Looking to the substance of Basic Resources' arguments, it appears it contends the court committed clear error in finding Basic Resources and Black Diamond were alter egos. See Mot. for Recons. 5 (arguing that "the [c]ourt was . . . without evidence to support its alter ego finding"). Basic Resources, however, fails to present any evidence that demonstrates the court committed clear error in making its alter ego finding. Contrary to its assertions, the court relied on several pieces of evidence to support its conclusion. See Order 23-24.
The only case Basic Resources cites in its motions, other than In re Fowler, is Associated Vendors, Inc. v. Oakland Meat Co., 210 Cal. App. 2d 825 (1962). Aside from quoting a long paragraph identifying factors relevant to an alter-ego analysis, Basic Resources cites Associated Vendors for the proposition that "a determination to disregard corporate existence and find alter ego for purposes of liability is a fact-intensive analysis for the trier of fact, and not a question of law." Mot. for Recons. 4 (citing Associated Vendors, 210 Cal. App. 2d at 837). Basic Resources does not explain the relevance of this contention, and the section cited addresses only the appellate standard of review applicable to a trial court's determination that the corporate entity be disregarded. See Associated Vendors, 210 Cal. App. 2d at 837 (stating that such a determination "will not be disturbed if it be supported by substantial evidence"). Basic Resources falls short of demonstrating clear error or that reconsideration is otherwise warranted.

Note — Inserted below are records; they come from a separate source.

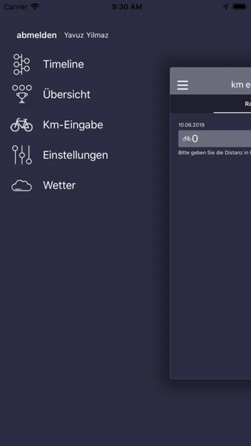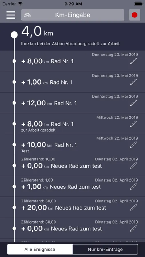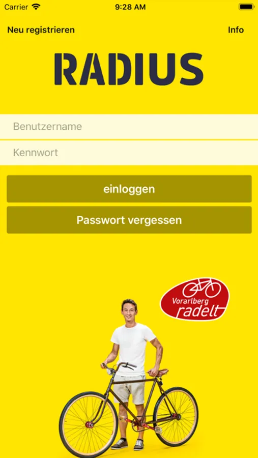 Erfassung der im Rahmen von RADIUS „Vorarlberg radelt“ geradelten Kilometer. Gibt Einblick in die persönliche Statistik der geradelten Distanz, bietet die Möglichkeit, geradelte Entfernungen und Höhenmeter von einzelnen Strecken "mitzutracken", sich persönliche Radler-Ziele zu setzen oder mit Freunden zu vergleichen, ein Teamrennen durchzuführen, die Wetterprognose abzurufen und Dienstfahrten mit dem Fahrrad einfach zu erfassen.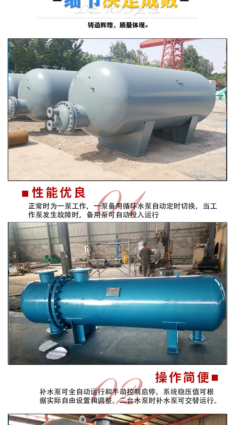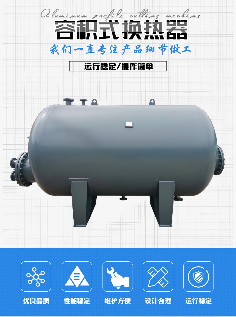 2、容積式換熱器換熱效果好,散熱效果好,散熱損失小,節(jié)能。同時(shí),以蒸汽為熱媒時(shí),能回收約占整個(gè)換熱量的15%凝結(jié)水熱量。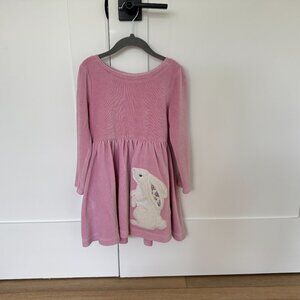 Mini Boden Appliqué Bunny Long Sleeve Velour Dress with Bunny size 5-6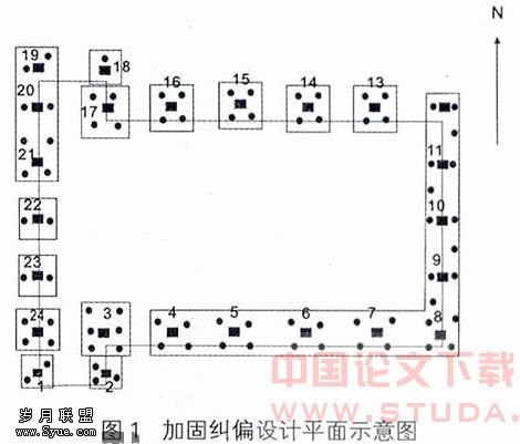 经上述验算,在进行加固纠偏钻孔布置时,除了考虑加固纠偏需要,尚要兼顾结构受力平衡。布孔方案为:在沉降量大的西南角1~3#桩基础加密布置旋喷桩,以设计承载力100%置换,共布置旋喷桩11支;其余柱下基础及南侧沉降较大的部分对应的柱号为13~24#和3~7#以设计荷载的60%进行置换,共布置旋喷桩37支;沉降较小(沉降值为3~9mm)的东侧8~12柱下可以少布孔,但考虑纠偏需要,仍以约40~50%的设计荷载进行置换,布旋喷桩10支(见图1)。整个基础设计布置加固纠偏孔76个。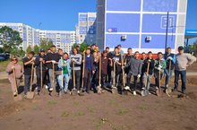 В рамках акции по озеленению города Нижнекамска студенты-волонтёры ГАПОУ "Нижнекамский агропромышленный колледж" приняли участие в подготовке лунок для посадки деревьев на улице Баки Урманче.

Basic Resources requests as an alternative to reconsideration that the court "clarify" its order to limit its applicability to only "whether the parties should be required to arbitrate their dispute" and not to "the merits of alter ego at trial." Mot. for Recons. 3. Basic Resources provides no authority to support the notion that entities can be considered alter egos for some purposes and not for others. Basic Resources has not shown that any clarification of the court's prior order is warranted.
III. CONCLUSION
For the reasons provided above, the court DENIES Basic Resource's Motion for Reconsideration. ECF No. 68.
IT IS SO ORDERED. DATED: August 9, 2017.